Magic Tree New Car Scent and Duragloss Absorb It Odor Eliminator :thumb:


----------



## Mark raw (Oct 1, 2007)

I really like the abipur aqua and vanilla baquet however they are the olsd style type so nat always available, got mine from home bargains and ather cheap type shops


----------



## daz4311 (Oct 13, 2007)

i like autoglyms stuff guys


----------



## Rowan83 (Aug 21, 2007)

I like using ambi pur odor illimininator. Nice scent but doesnt last very long.


----------



## Mark raw (Oct 1, 2007)

Now have ambi pur odour eliminator depends what is available at time especially in home bargains that way they are about 50p or a £1 refill and complete set thing. Last for a while and they are cheap however other places sell them at about £3.40 odd.


----------



## Grizzle (Jul 12, 2006)

ryanuk said:


> autosmart blast! its the nuts...


it is indeed berry one btw!!:thumb: :thumb:


----------



## asjam86 (Mar 23, 2007)

Well I've used CG Coconut in my Astra G and Cherry in my misses's corsa.
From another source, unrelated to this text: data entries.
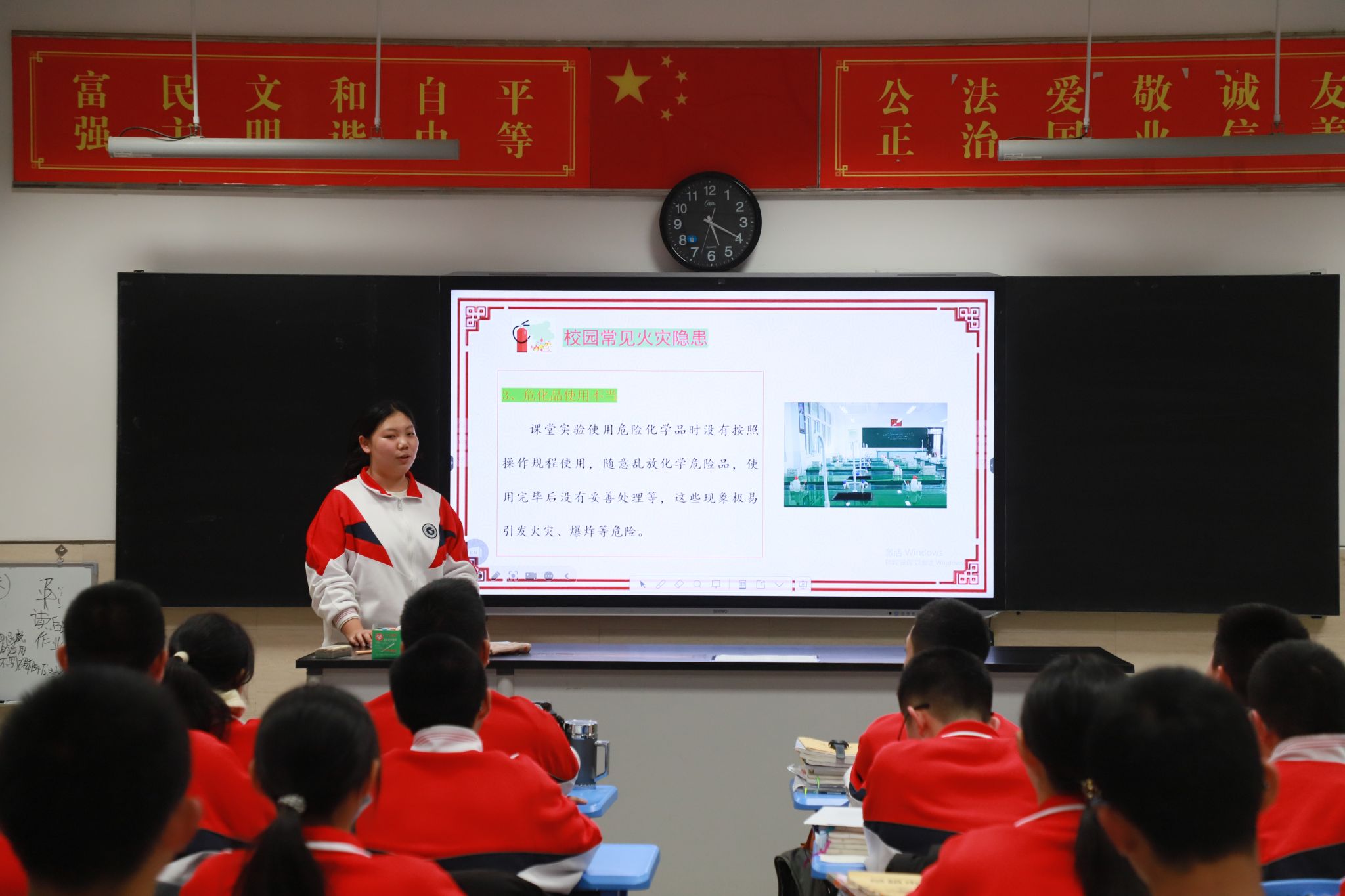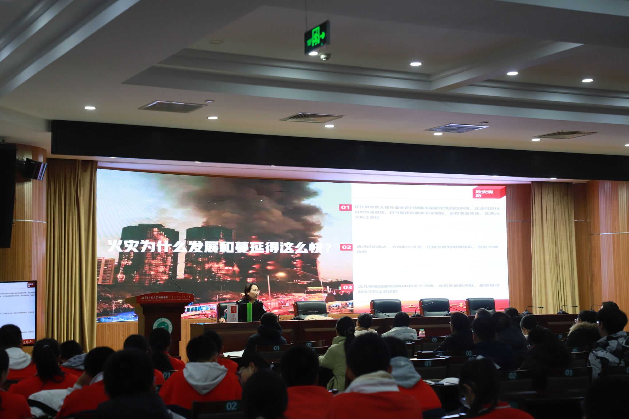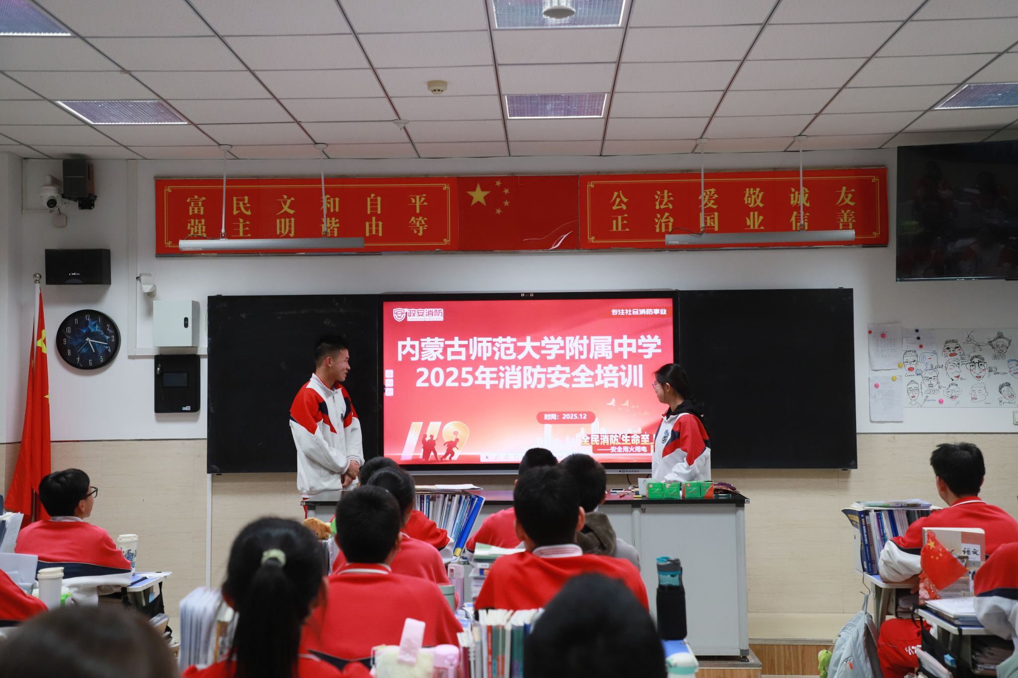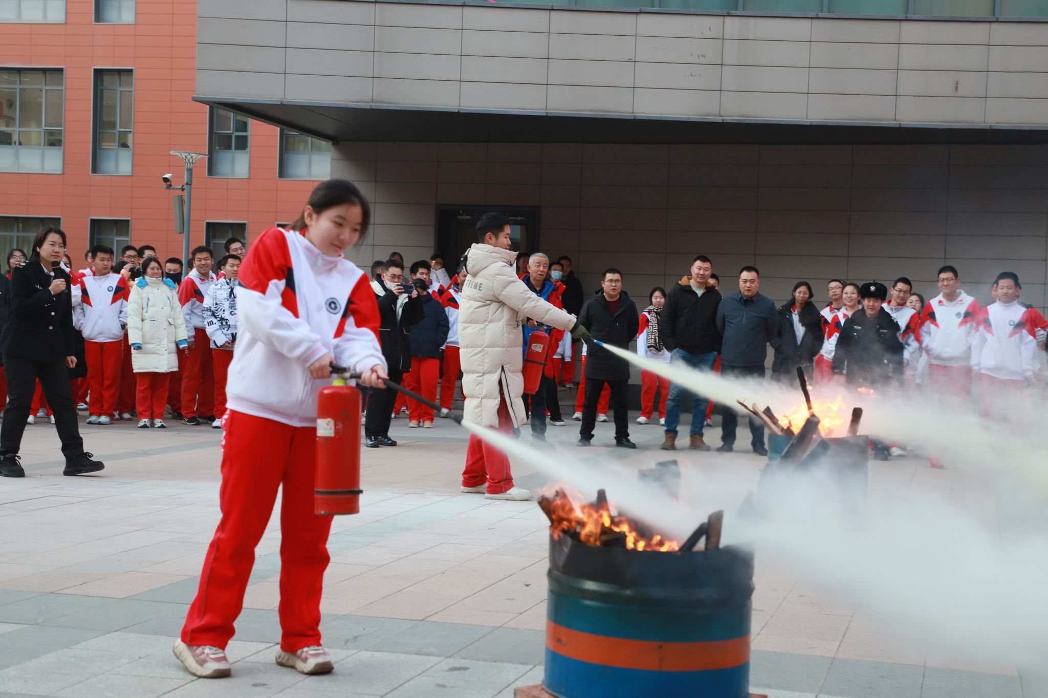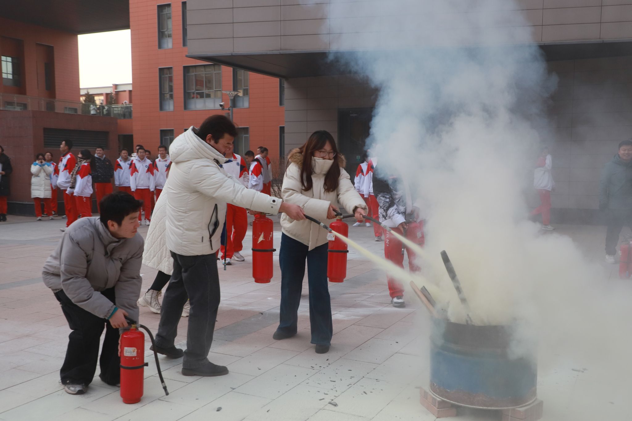 12月8日,学校组织物业工作人员,引导各班消防安全员及各年级副主任在对应引路起点集合,逐一熟悉辖区内消防栓与灭火器的具体位置,明确要求各年级牵头掌握所在区域全部灭火设施设备分布;同时,各班级通过消防安全主题班会,向全体学生详细告知就近消防安全设施的位置,确保设施知晓率全覆盖。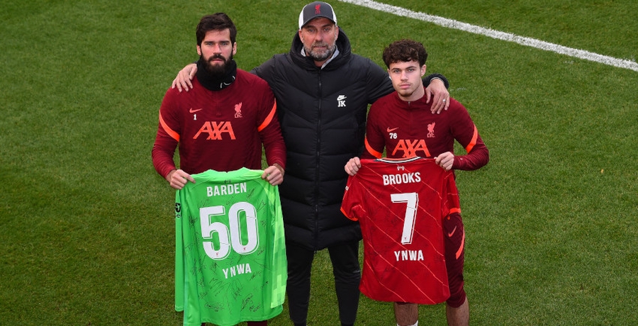Cały zespół zebrał się na płycie boiska z koszulkami Liverpoolu z nazwiskami tego duetu, starając się przekazać wsparcie w walce z chorobą.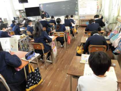 1組は理科で、食塩などのつぶが水にどのように溶けるかについて調べていきます。2組は「わたしたちのくらしと情報」という冊子を使って、自分たちの身の回りにある情報について考えています。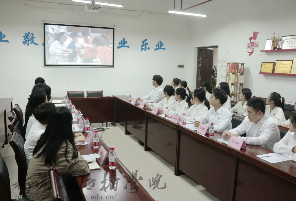 会议伊始,全体师生共同观看视频短片《青春为中国式现代化挺膺担当》。青年教师黄予晞、科研代表欧翔、毕业生代表陈璋胤、党支部代表孙丽垚、农鲜口袋代表韦海秀、大创代表王雨阳、以及普通青年代表王烨铭,结合视频观后感及自身学习、工作经历,畅谈学习体验,共话青年的使命和担当。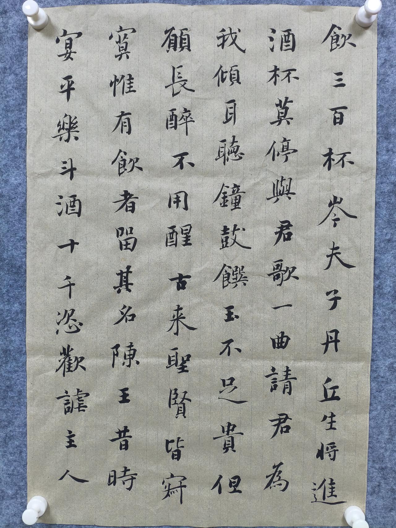 【兼具功底与情怀的佳作】 这幅行楷书写的《将进酒》,笔力沉稳而不失洒脱,墨色浓淡相宜,将李白诗中的豪情与旷达展现得淋漓尽致。竖排布局舒展大气,字间行气连贯,既有楷书的端稳,又有行书的灵动。落款里更添一份春日里对经典的致敬与书写的诚意。是一幅兼具功底与情怀的佳作。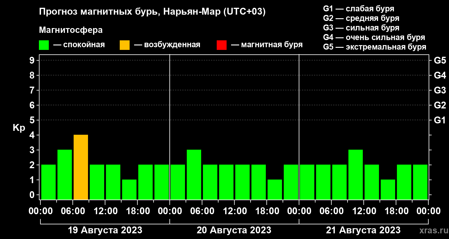 Прогноз магнитных бурь в Нарьян-Маре на 19 августа 2023 года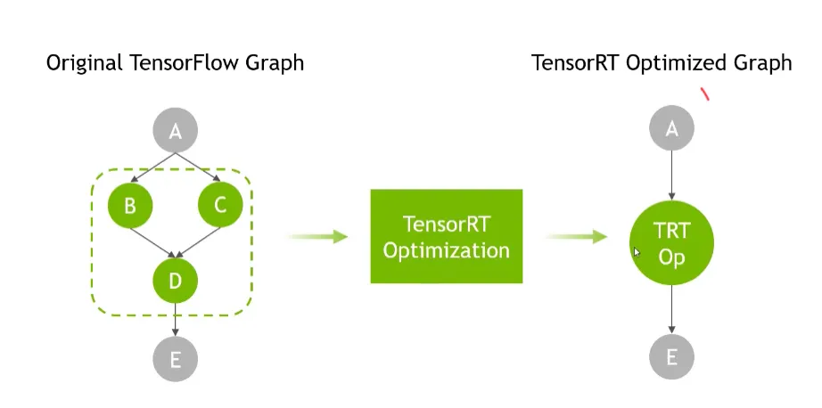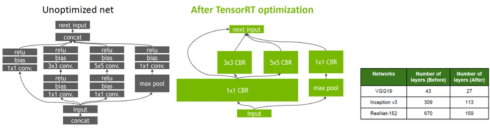 일반적으로 그래프 최적화는 딥러닝 신경망에서 사용되는 아주 원시적인 (Primitive computation. 예를 들어, Add) 연산 형태, 복합적인 (Compound computation, 예를 들어, Convolution) 연산 형태의 그래프 노드들을 각 플랫폼에 최적화된 코드들로 구성하기 위하여 사용된다. TensorRT 에서는 이를 실현하기 위해 Layer Fusion 방식과 Tensor Fusion 방식을 동시에 적용하고 있다. Layer Fusion은 Vertical Layer Fusion, Horizontal Layer Fusion이 적용되고,또한 Tensor Fusion이 적용되어 모델 그래프를 단순화 시켜주어 모델의 Layer 수가 크게 감소하게 된다. 실제로 TensorRT를 사용하여 ResNet, MobileNet 과 같은 백본 신경망들을 최적화 하면 기존 노드 수가 몇 십배 까지 줄어드는 효과를 보았었다.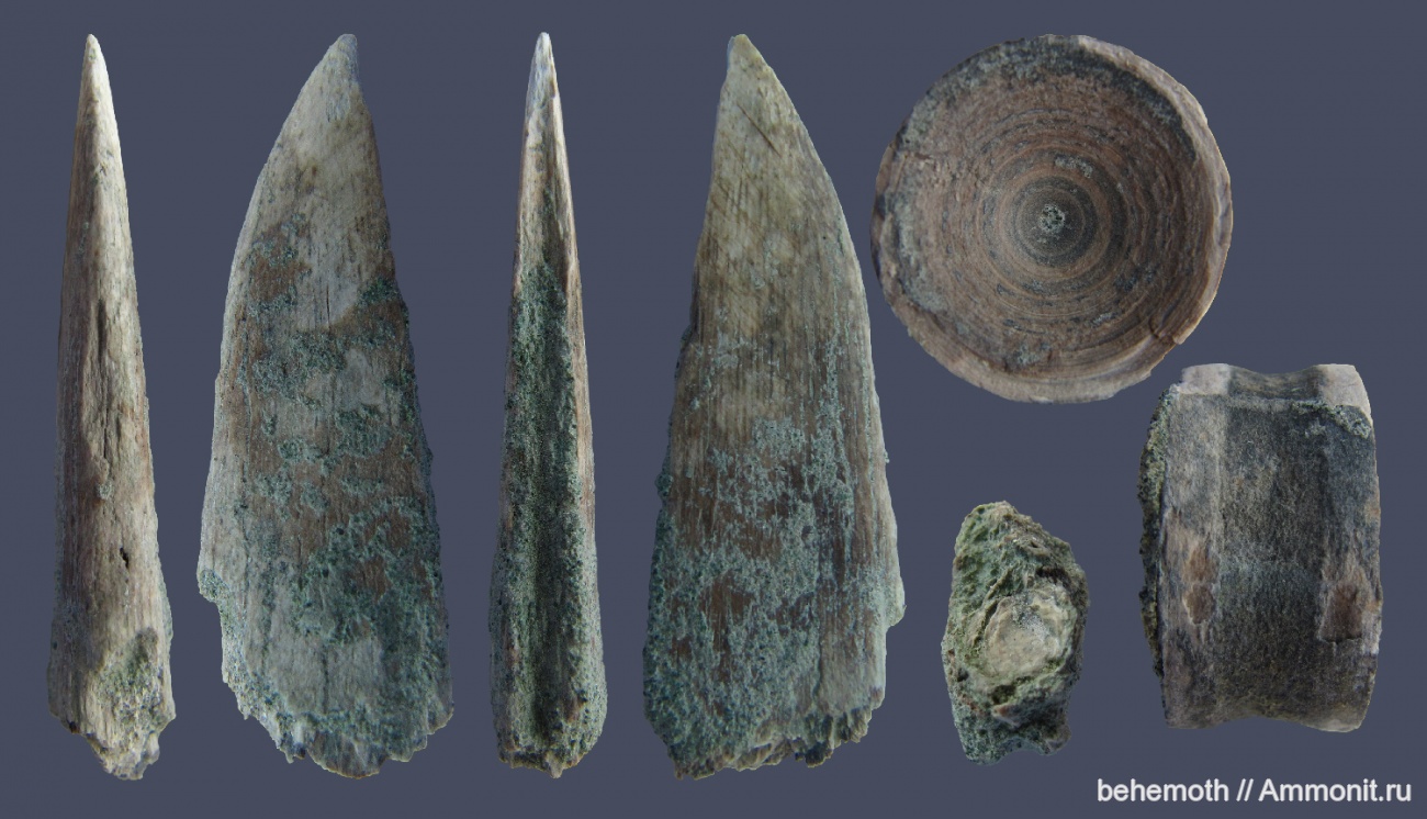 Ростральный зуб и позвонок(ранее я его уже выкладывал на планке позвонков, однако двум останцам одного вида будет разумно находится на одной планке) ископаемого эоценового пилорылого ската (возможно Pristis сf. lathami). Есть еще несколько переотложенных зубов скатов этого рода, по техническим причинам на планку пока не попали =) Как доберусь до них - приложу на эту же планку.

The coconut was still going strong after about 3 weeks after 1 good spraying around the car and in the boot as well :thumb: 

The corsa however had to be reapplied every 2 days  

But luckily the bottles are maaaahhhhoooosive compared with halfarts rubbish you can buy. :thumb:


----------



## patbhoy (Aug 29, 2007)

Magic Tree Black Ice Fragrance.


----------